-- Your instructions --
What is needed is the exact text of each line in the listing below from the one with "그래서 영어를 조금 하는" up to and including the one with "White 445 - Drawing", and no pictures.

-- Exercise material --
=-=-=

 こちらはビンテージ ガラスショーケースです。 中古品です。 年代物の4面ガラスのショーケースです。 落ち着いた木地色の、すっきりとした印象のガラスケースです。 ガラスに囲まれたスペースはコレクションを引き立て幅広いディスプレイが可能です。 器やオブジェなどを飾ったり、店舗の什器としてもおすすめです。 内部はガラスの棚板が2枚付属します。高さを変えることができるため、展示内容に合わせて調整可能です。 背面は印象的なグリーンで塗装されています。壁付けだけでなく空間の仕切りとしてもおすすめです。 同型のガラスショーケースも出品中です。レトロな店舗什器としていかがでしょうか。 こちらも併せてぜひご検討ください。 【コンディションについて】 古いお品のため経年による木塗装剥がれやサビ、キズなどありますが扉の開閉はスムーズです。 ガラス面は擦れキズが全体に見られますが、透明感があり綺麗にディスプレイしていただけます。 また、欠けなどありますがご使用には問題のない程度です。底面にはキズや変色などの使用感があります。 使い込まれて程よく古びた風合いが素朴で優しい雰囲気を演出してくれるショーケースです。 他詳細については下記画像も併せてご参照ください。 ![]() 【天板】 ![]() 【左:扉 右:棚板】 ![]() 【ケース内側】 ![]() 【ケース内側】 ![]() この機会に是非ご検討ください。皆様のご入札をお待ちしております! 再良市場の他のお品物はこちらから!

=-=-=

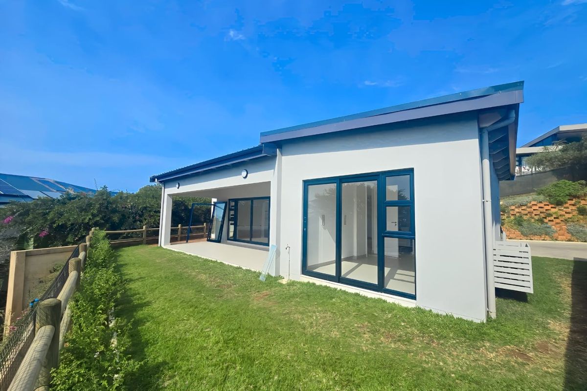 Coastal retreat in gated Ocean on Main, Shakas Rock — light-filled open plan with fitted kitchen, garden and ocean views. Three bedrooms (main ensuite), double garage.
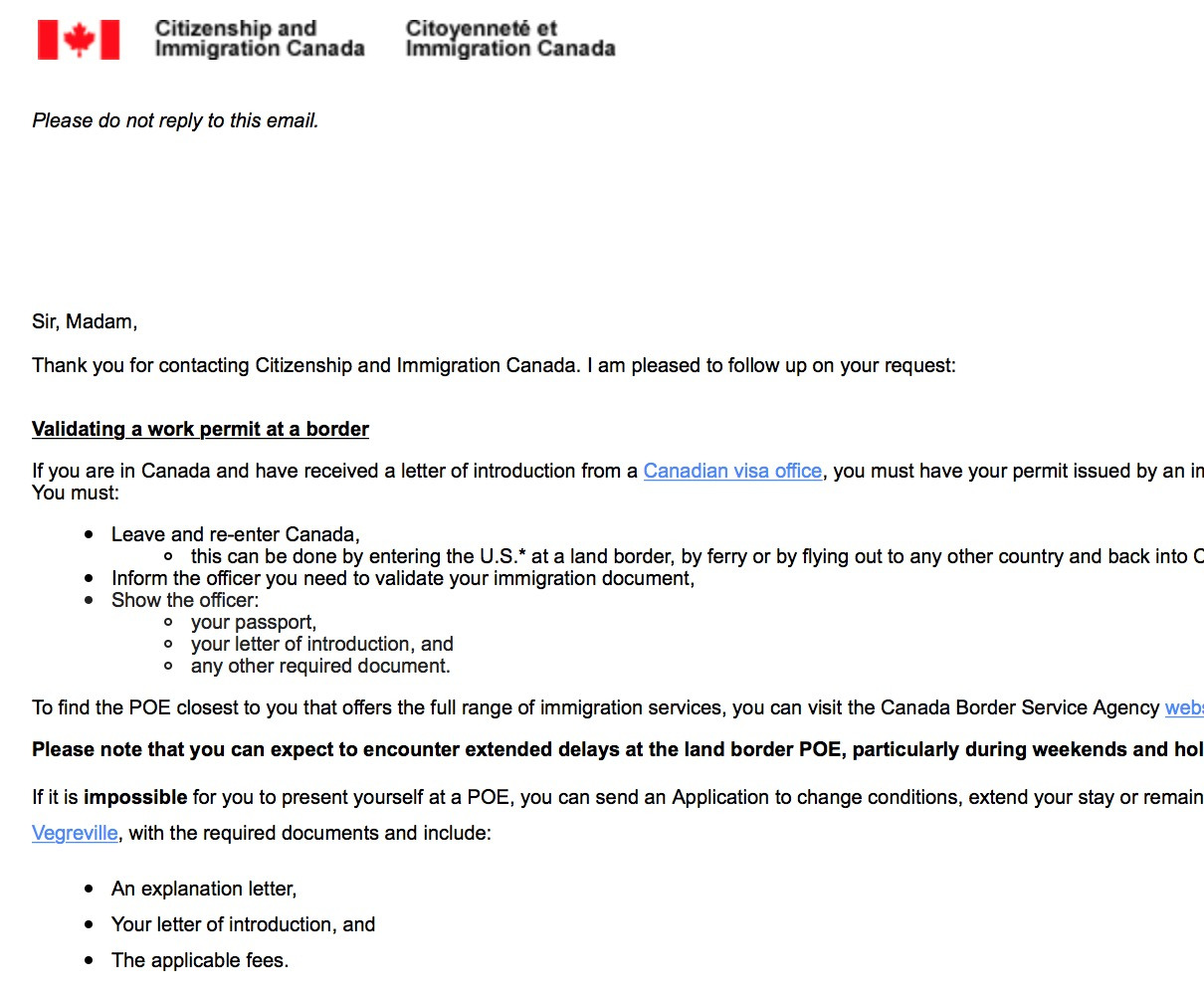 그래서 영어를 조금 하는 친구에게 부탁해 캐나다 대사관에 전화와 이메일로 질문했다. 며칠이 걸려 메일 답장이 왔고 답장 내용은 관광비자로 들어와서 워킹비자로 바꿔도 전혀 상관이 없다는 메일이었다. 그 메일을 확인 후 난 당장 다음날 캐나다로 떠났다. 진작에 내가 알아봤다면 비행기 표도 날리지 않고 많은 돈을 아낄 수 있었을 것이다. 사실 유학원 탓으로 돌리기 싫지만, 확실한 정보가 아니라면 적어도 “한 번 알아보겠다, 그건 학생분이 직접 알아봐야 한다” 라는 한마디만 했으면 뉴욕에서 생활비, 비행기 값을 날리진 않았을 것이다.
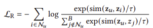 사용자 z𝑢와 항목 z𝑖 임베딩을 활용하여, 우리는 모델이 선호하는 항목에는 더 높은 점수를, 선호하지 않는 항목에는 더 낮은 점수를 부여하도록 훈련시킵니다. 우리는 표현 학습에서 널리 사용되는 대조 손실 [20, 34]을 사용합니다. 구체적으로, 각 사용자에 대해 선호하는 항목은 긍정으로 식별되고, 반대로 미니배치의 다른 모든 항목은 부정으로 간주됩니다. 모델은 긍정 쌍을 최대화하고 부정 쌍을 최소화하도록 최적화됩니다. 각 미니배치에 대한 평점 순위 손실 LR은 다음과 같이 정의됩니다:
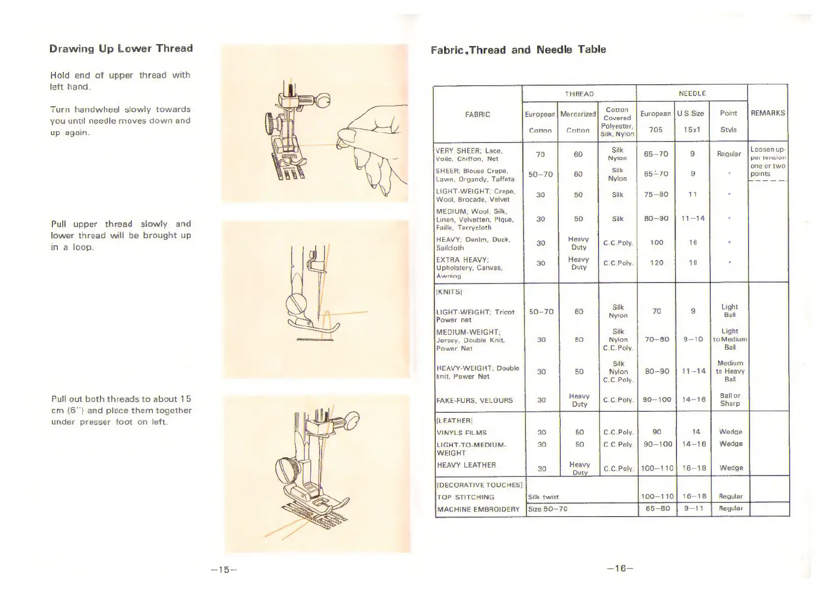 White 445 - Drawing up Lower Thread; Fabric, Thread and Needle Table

=-=-=

-- Solution to this exercise --
 그래서 영어를 조금 하는 친구에게 부탁해 캐나다 대사관에 전화와 이메일로 질문했다. 며칠이 걸려 메일 답장이 왔고 답장 내용은 관광비자로 들어와서 워킹비자로 바꿔도 전혀 상관이 없다는 메일이었다. 그 메일을 확인 후 난 당장 다음날 캐나다로 떠났다. 진작에 내가 알아봤다면 비행기 표도 날리지 않고 많은 돈을 아낄 수 있었을 것이다. 사실 유학원 탓으로 돌리기 싫지만, 확실한 정보가 아니라면 적어도 “한 번 알아보겠다, 그건 학생분이 직접 알아봐야 한다” 라는 한마디만 했으면 뉴욕에서 생활비, 비행기 값을 날리진 않았을 것이다.
 사용자 z𝑢와 항목 z𝑖 임베딩을 활용하여, 우리는 모델이 선호하는 항목에는 더 높은 점수를, 선호하지 않는 항목에는 더 낮은 점수를 부여하도록 훈련시킵니다. 우리는 표현 학습에서 널리 사용되는 대조 손실 [20, 34]을 사용합니다. 구체적으로, 각 사용자에 대해 선호하는 항목은 긍정으로 식별되고, 반대로 미니배치의 다른 모든 항목은 부정으로 간주됩니다. 모델은 긍정 쌍을 최대화하고 부정 쌍을 최소화하도록 최적화됩니다. 각 미니배치에 대한 평점 순위 손실 LR은 다음과 같이 정의됩니다:
 White 445 - Drawing up Lower Thread; Fabric, Thread and Needle Table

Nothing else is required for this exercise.